Pub Date : 2025-01-08DOI: 10.1109/TBDATA.2025.3527238
Yao Liu;Yongfei Zhang
With the increasing amount of data in various domains, knowledge graphs (KGs) have become powerful tools for representing complex and heterogeneous information in a structured way, and for extracting valuable information from knowledge graphs through embedding techniques to support downstream tasks such as recommendation and Q&A systems. Knowledge graphs consist of triples that are continuously added as knowledge is updated. However, most existing embedding models are designed for static graphs, requiring the entire model to be retrained for each update, which is time-consuming. Existing global dynamic embedding models focus on exploiting the structural and relational information of the whole graph to achieve embedding quality, resulting in reduced dynamic efficiency.

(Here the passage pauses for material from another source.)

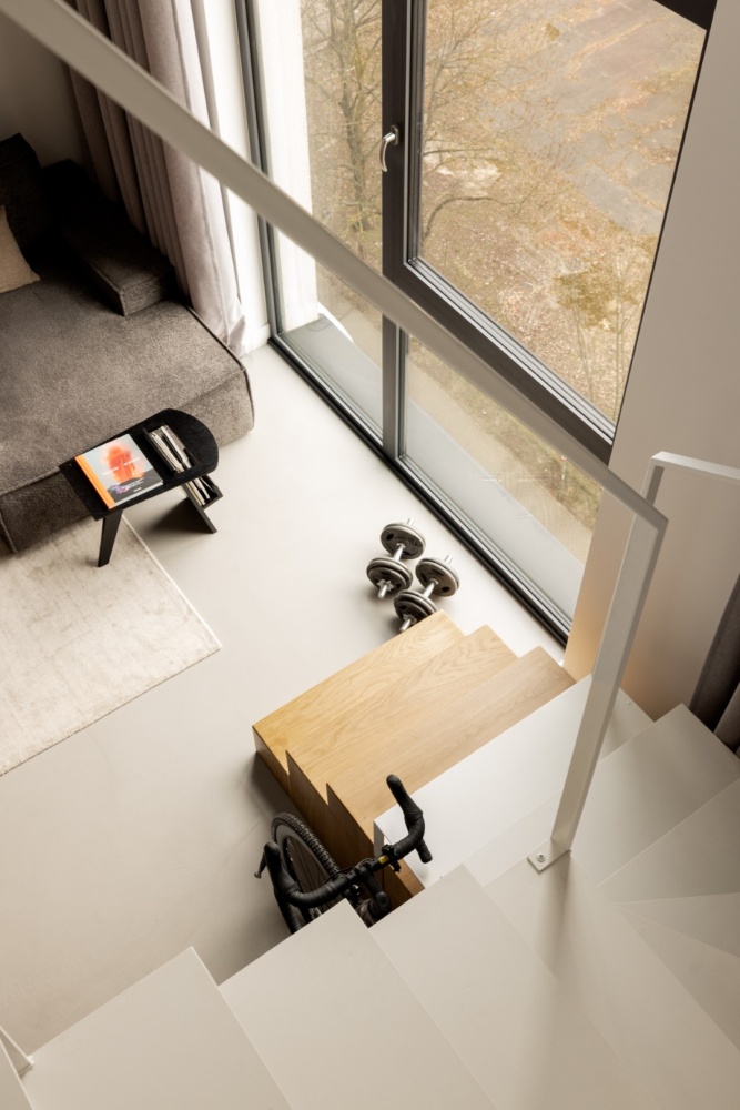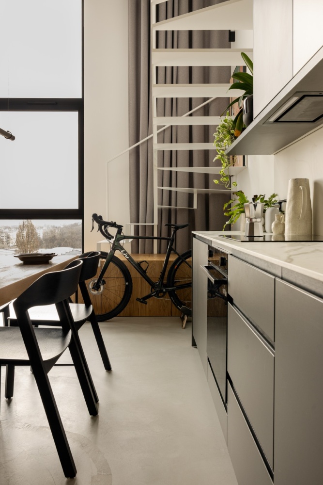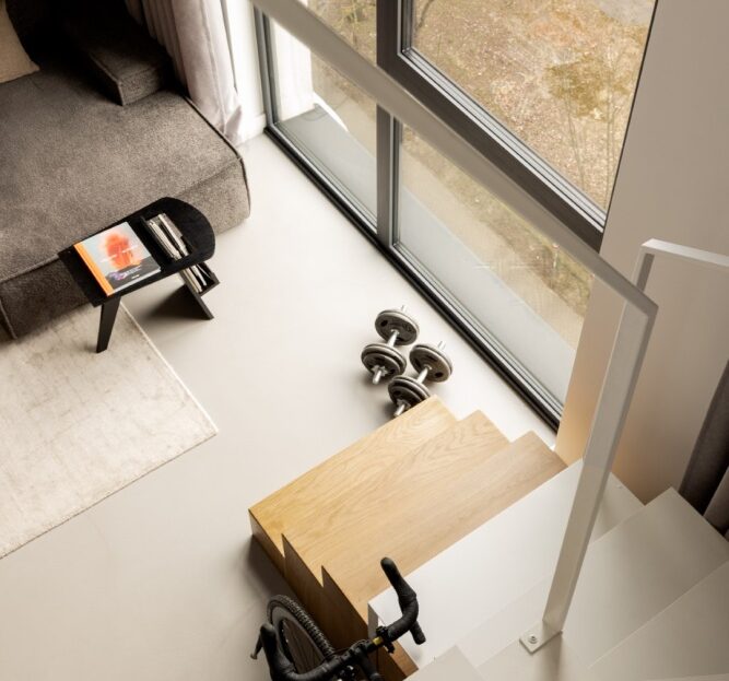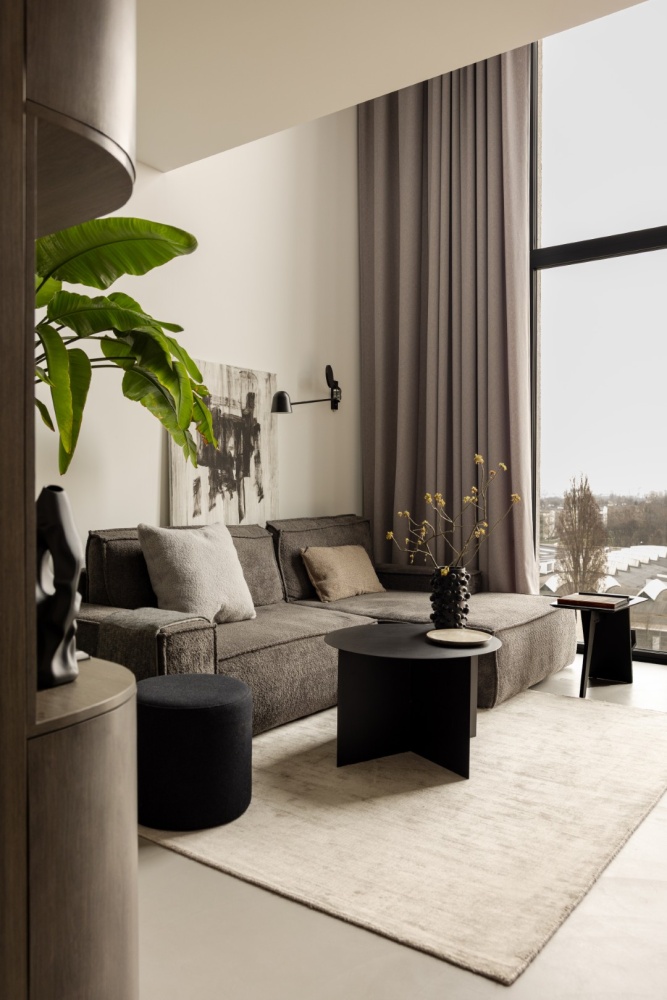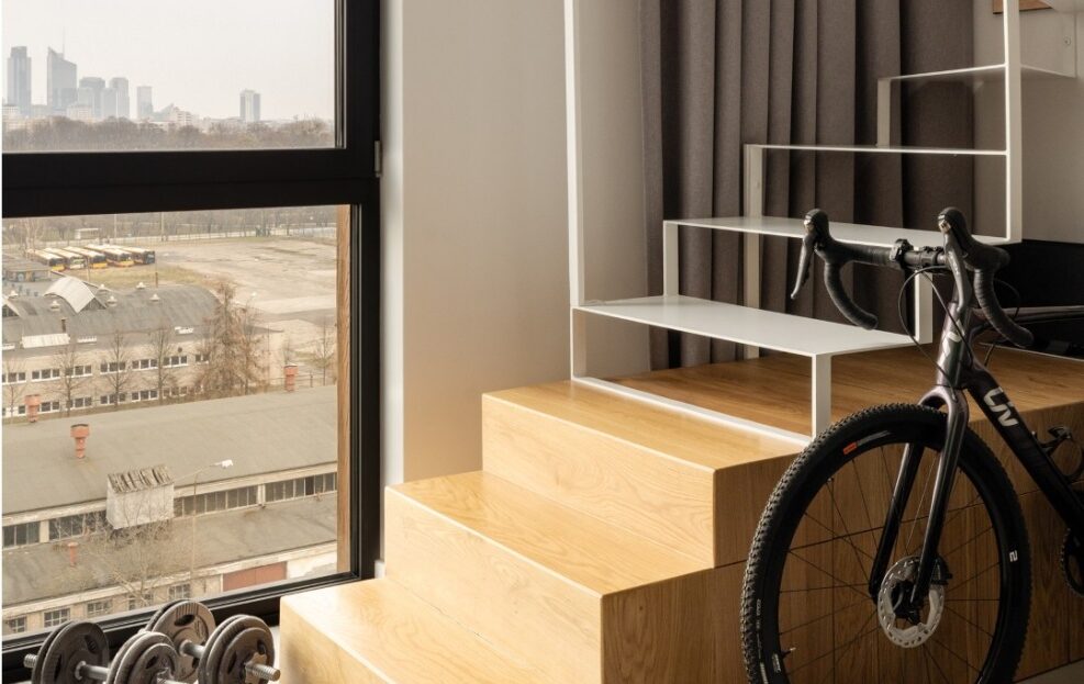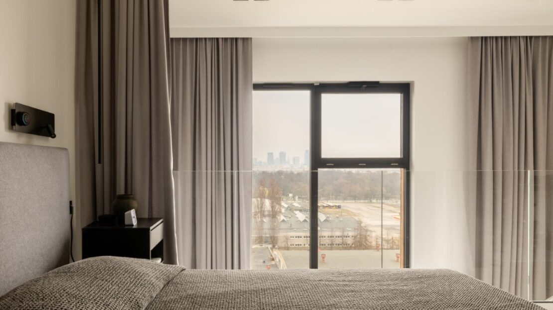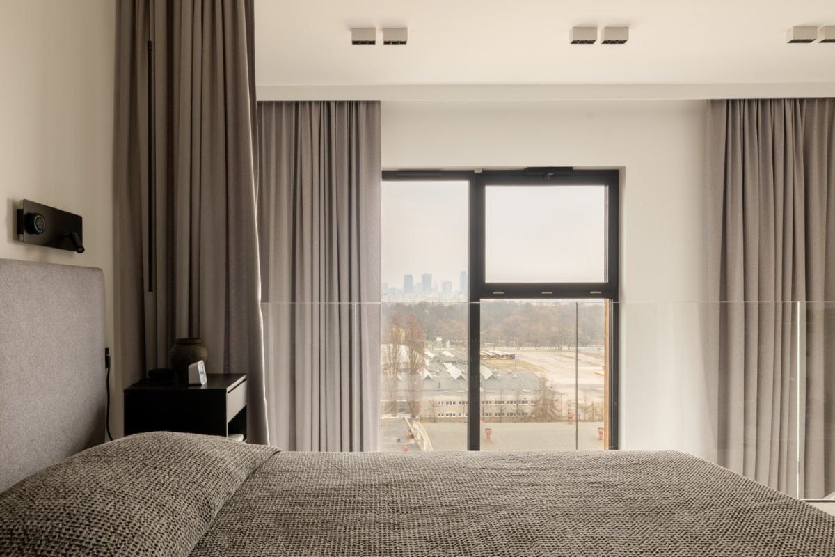 Dwupoziomowy układ – wysokość apartamentu sięga aż 5,8 m w salonie i 2 pełne kondygnacje po 2,75 m wysokości Olbrzymie panoramiczne okno (ok. 5,3 x 2,2 m) z elektrycznym otwieraniem górnego okna;

To address this problem, we propose a relational clustering-based parallel space model in which knowledge from different domains is embedded in different subspaces, allowing each subspace to focus on the data characteristics of a specific domain, thereby improving the quality of knowledge. Second, the new data only affects some subspaces but not the performance of other spaces, improving the model's adaptability to dynamics. Furthermore, we employ two incremental approaches based on the type of added data to improve the efficiency of dynamic embedding while ensuring that the added data preserves the characteristics of the parallel space. The experimental results show that the dynamic embedding efficiency of our model is improved by an average of 50.3% compared to the SOTA dynamic embedding model for the link prediction task. Particularly on FB15K, our model not only improves the efficiency by 41% but also increases the accuracy by 7.5%, demonstrating the accuracy and efficiency of our model.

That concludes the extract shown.